_What you should do_
Transcribe every line of the material below exactly, leaving out the pictures.

_Given material_
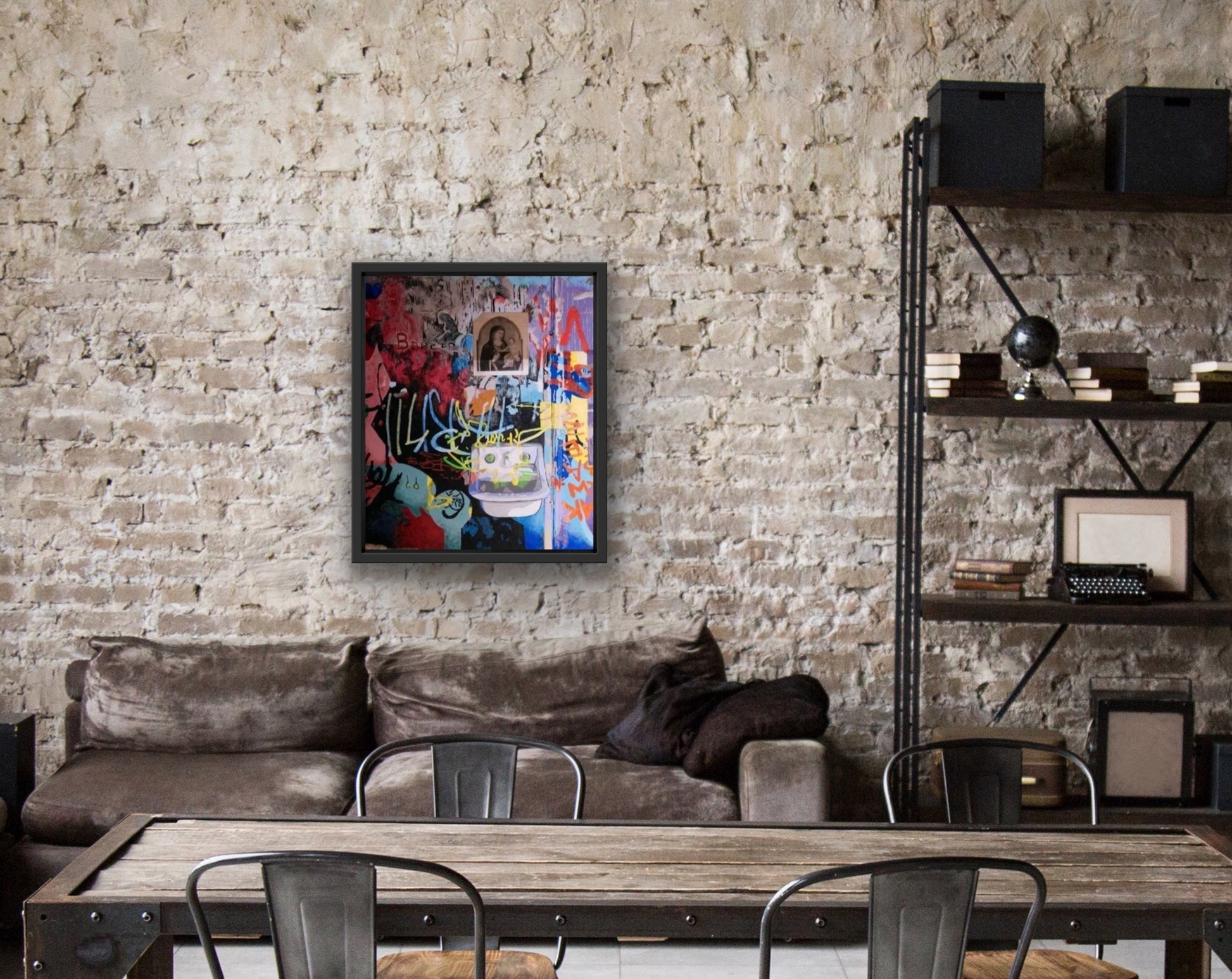 This piece combines Norwegian graffiti I found in rural Norway and a jail cell in Noblesville, Indiana. The jail was in use until 1977. Currently, it is a sheriff's museum. It briefly held the infamous murderer, Charles Manson. This is the second painting in the series.
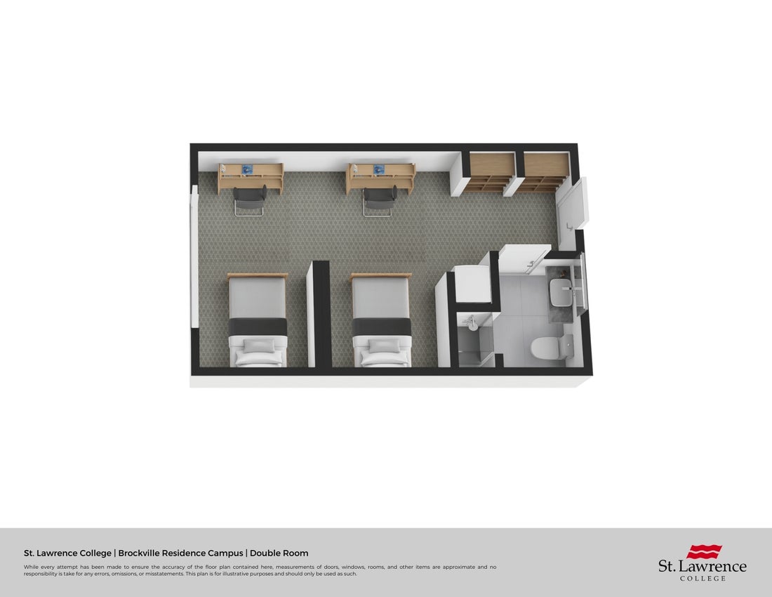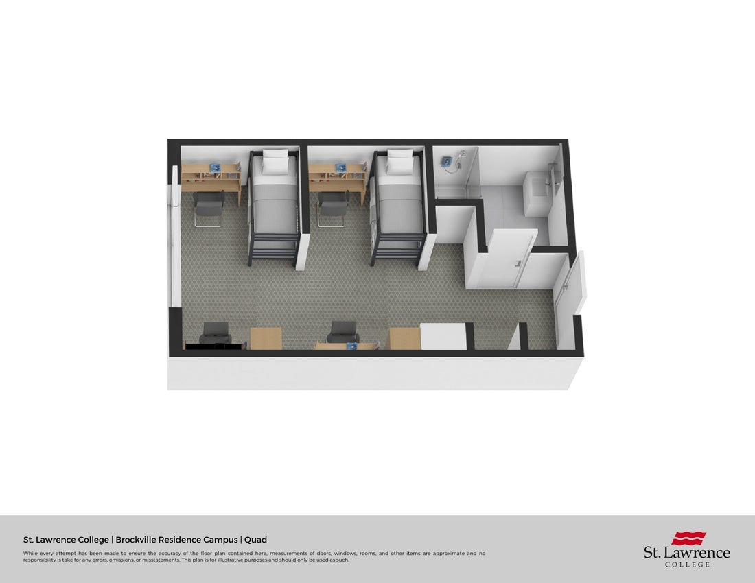 Our Brockville residence has fully furnished double and quadruple occupancy suites with full three-piece washrooms. There are accessible suites available for students with special accommodation requests.
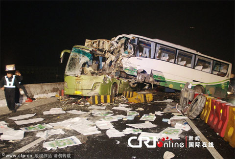 杭州機場高速公路大巴相撞 致6人死亡(圖)

_Problem solution_
 This piece combines Norwegian graffiti I found in rural Norway and a jail cell in Noblesville, Indiana. The jail was in use until 1977. Currently, it is a sheriff's museum. It briefly held the infamous murderer, Charles Manson. This is the second painting in the series.
 Our Brockville residence has fully furnished double and quadruple occupancy suites with full three-piece washrooms. There are accessible suites available for students with special accommodation requests.
 杭州機場高速公路大巴相撞 致6人死亡(圖)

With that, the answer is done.